Data provided —
^^^^^^^^^^^^^^^^

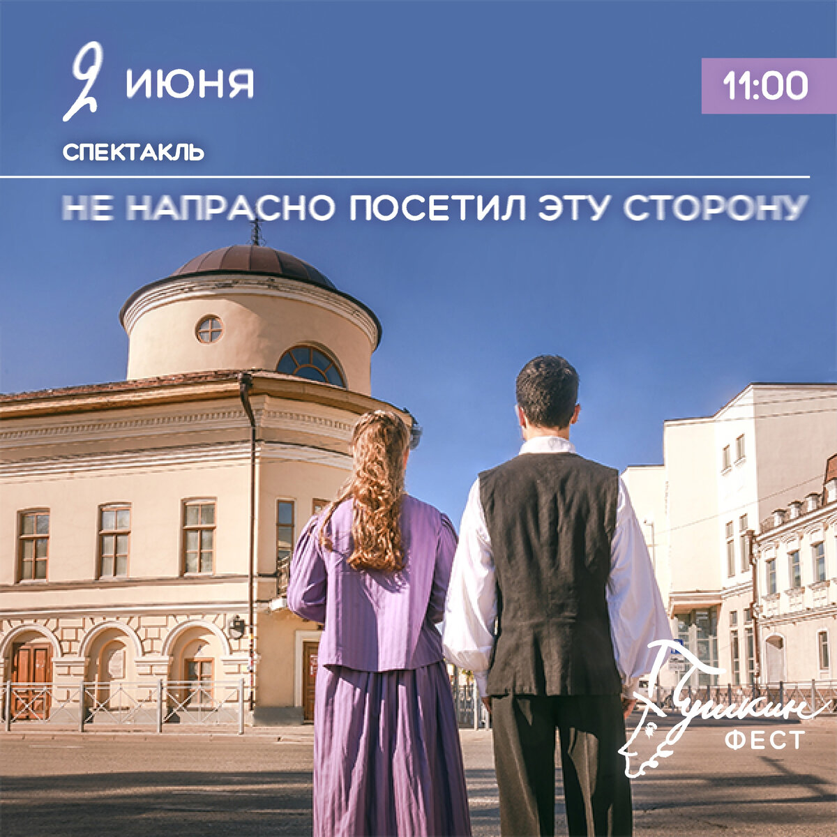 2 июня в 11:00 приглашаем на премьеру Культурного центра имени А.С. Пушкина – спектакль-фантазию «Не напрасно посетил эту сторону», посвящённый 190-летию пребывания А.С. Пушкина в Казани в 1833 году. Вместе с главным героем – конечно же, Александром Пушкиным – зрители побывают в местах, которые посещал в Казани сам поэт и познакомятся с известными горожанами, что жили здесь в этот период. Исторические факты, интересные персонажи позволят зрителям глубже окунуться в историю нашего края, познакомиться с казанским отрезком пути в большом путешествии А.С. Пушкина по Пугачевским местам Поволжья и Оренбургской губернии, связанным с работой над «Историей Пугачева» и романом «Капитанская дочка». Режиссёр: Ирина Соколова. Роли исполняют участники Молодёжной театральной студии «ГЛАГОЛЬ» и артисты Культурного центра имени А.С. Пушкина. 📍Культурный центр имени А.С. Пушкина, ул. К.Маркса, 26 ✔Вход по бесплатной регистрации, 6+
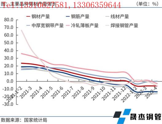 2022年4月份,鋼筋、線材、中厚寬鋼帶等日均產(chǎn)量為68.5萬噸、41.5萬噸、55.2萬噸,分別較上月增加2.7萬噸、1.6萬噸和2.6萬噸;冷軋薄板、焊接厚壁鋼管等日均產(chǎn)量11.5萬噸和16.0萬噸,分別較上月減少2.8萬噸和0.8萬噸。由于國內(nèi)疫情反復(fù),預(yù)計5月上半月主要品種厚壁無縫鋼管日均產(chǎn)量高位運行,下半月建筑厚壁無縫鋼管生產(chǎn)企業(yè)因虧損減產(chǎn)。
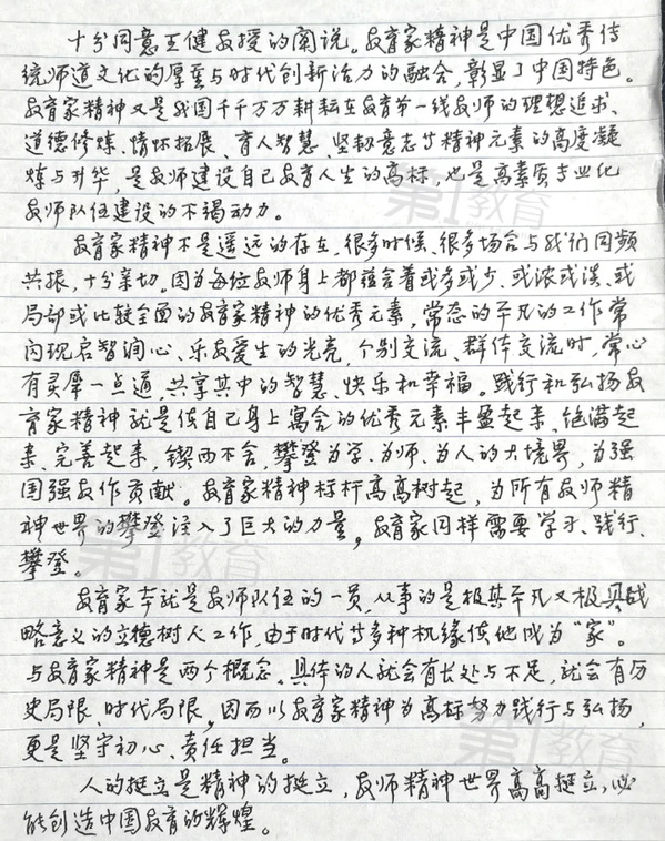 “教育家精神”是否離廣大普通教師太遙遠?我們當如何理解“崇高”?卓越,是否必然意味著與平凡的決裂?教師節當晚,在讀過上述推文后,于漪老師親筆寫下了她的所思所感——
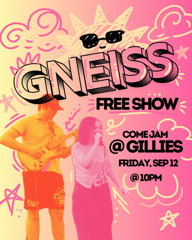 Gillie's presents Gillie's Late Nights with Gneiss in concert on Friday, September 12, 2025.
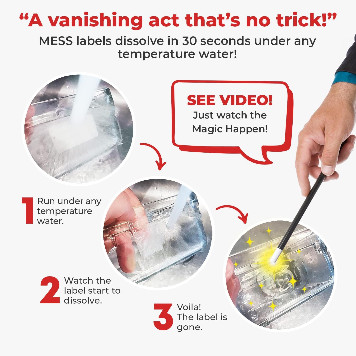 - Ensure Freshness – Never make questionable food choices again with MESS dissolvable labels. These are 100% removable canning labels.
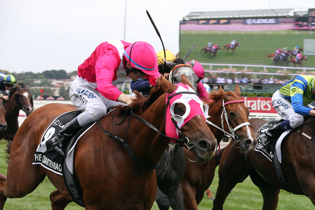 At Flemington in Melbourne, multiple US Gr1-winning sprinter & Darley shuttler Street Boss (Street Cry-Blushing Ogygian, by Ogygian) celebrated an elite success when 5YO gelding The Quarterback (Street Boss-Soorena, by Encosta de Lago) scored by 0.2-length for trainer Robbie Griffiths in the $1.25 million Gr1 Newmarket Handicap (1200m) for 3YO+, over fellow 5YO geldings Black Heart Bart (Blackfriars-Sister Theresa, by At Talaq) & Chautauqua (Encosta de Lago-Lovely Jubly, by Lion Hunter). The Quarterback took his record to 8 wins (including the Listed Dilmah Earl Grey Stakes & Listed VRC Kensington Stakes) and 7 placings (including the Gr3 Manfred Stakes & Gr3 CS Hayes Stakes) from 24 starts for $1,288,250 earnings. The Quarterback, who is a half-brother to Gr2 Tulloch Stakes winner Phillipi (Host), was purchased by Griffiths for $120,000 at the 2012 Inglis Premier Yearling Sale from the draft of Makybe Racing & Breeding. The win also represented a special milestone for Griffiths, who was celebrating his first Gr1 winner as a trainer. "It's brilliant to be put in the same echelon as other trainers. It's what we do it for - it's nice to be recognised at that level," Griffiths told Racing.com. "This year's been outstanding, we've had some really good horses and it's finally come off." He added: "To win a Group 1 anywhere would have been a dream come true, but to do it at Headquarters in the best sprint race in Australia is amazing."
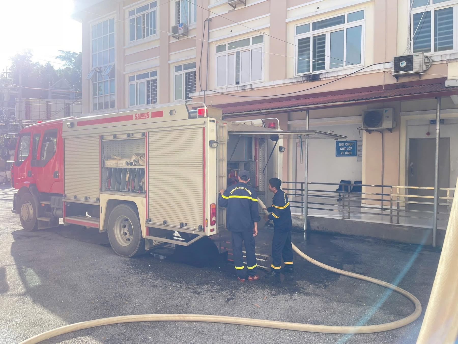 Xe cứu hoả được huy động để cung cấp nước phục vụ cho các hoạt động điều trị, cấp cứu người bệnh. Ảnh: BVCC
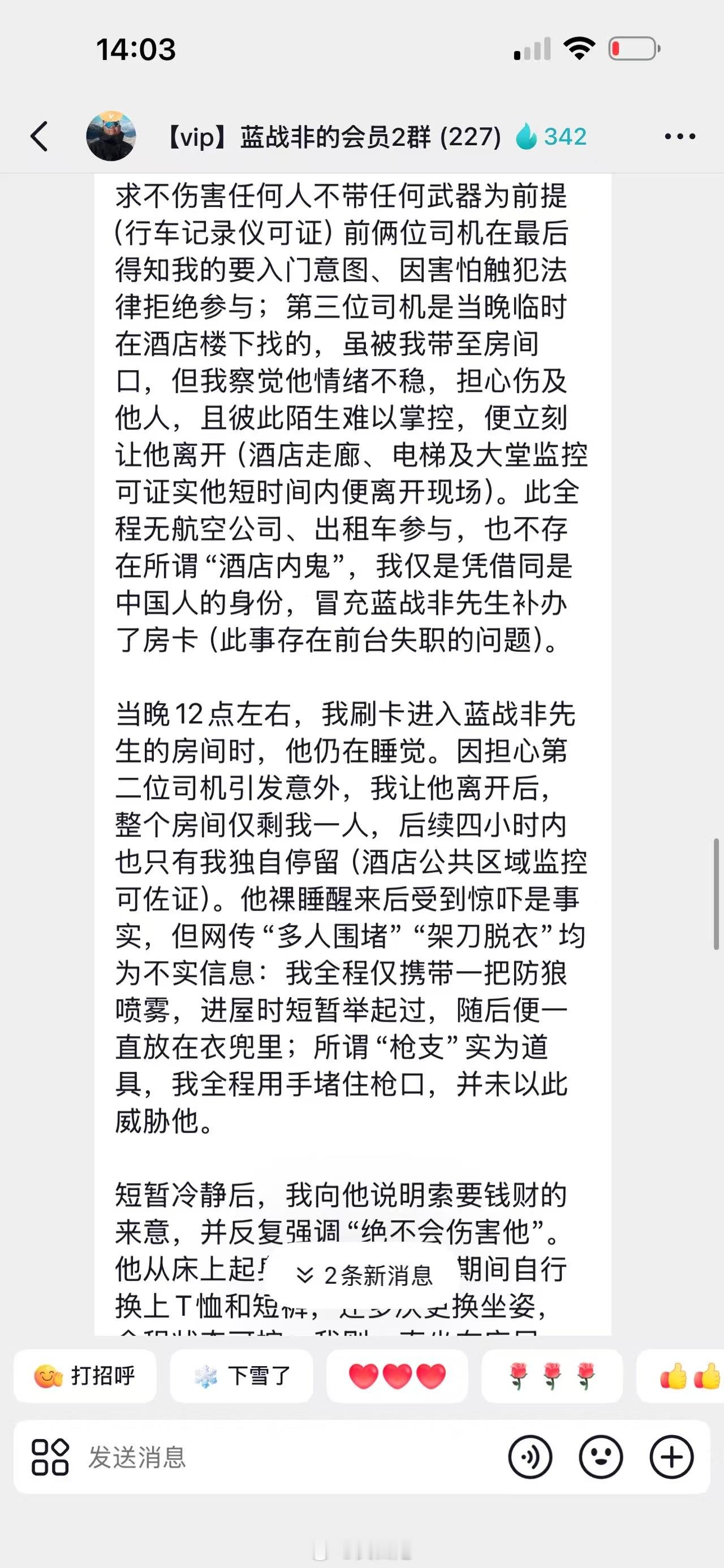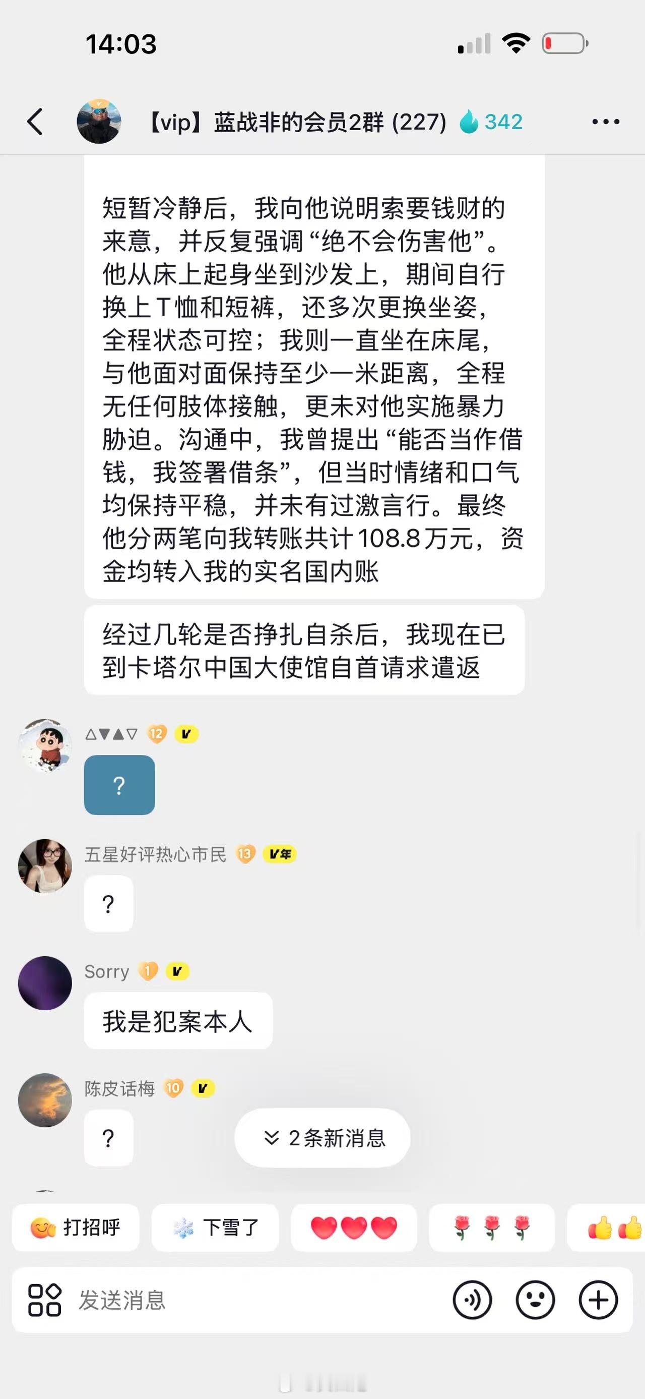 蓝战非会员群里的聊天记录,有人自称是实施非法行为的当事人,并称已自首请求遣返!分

^^^^^^^^^^^^^^^^

Task to carry out —
Using the entries above, reproduce word for word only the lines from the one that contains "Gillie's presents Gillie's" to the one that contains "- Ensure Freshness", both ends included, and drop every picture.

Response area —
 Gillie's presents Gillie's Late Nights with Gneiss in concert on Friday, September 12, 2025.
 - Ensure Freshness – Never make questionable food choices again with MESS dissolvable labels. These are 100% removable canning labels.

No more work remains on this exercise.